Data extract:
■ ■ ■
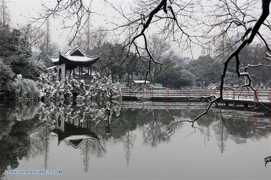 ANHUI, diciembre 31, 2018 (Xinhua) -- Vista del paisaje nevado en el Parque Jinghu, en la ciudad de Wuhu, en la provincia de Anhui, en el este de China, el 31 de diciembre de 2018. (Xinhua/Sun Bingchun)
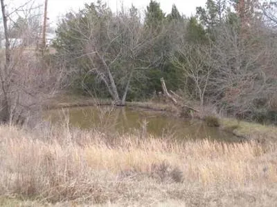 1.85 acres with small stocked pond, large oak trees, house pad already on site, utilities available, near Pat Mayes Lake.
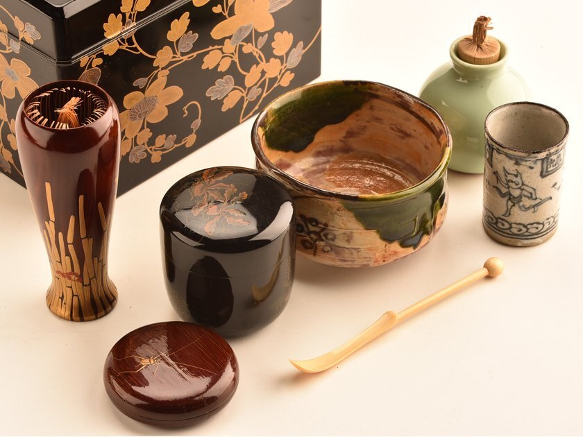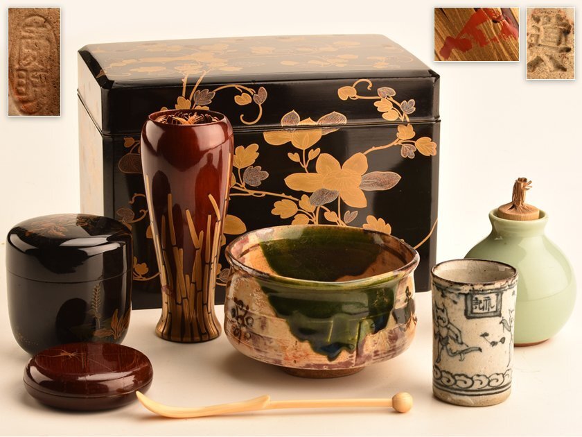 サイズ | 茶箱 幅 約17.5×11.0cm 高 約12.0cm 茶碗 幅 約9.0×9.0cm 高 約5.5cm 棗 幅 約6.0×6.0cm 高 約6.5cm |
■ ■ ■
Task prompt:
Return the data exactly. Do not carry over any images.

Written solution:
 ANHUI, diciembre 31, 2018 (Xinhua) -- Vista del paisaje nevado en el Parque Jinghu, en la ciudad de Wuhu, en la provincia de Anhui, en el este de China, el 31 de diciembre de 2018. (Xinhua/Sun Bingchun)
 1.85 acres with small stocked pond, large oak trees, house pad already on site, utilities available, near Pat Mayes Lake.
 サイズ | 茶箱 幅 約17.5×11.0cm 高 約12.0cm 茶碗 幅 約9.0×9.0cm 高 約5.5cm 棗 幅 約6.0×6.0cm 高 約6.5cm |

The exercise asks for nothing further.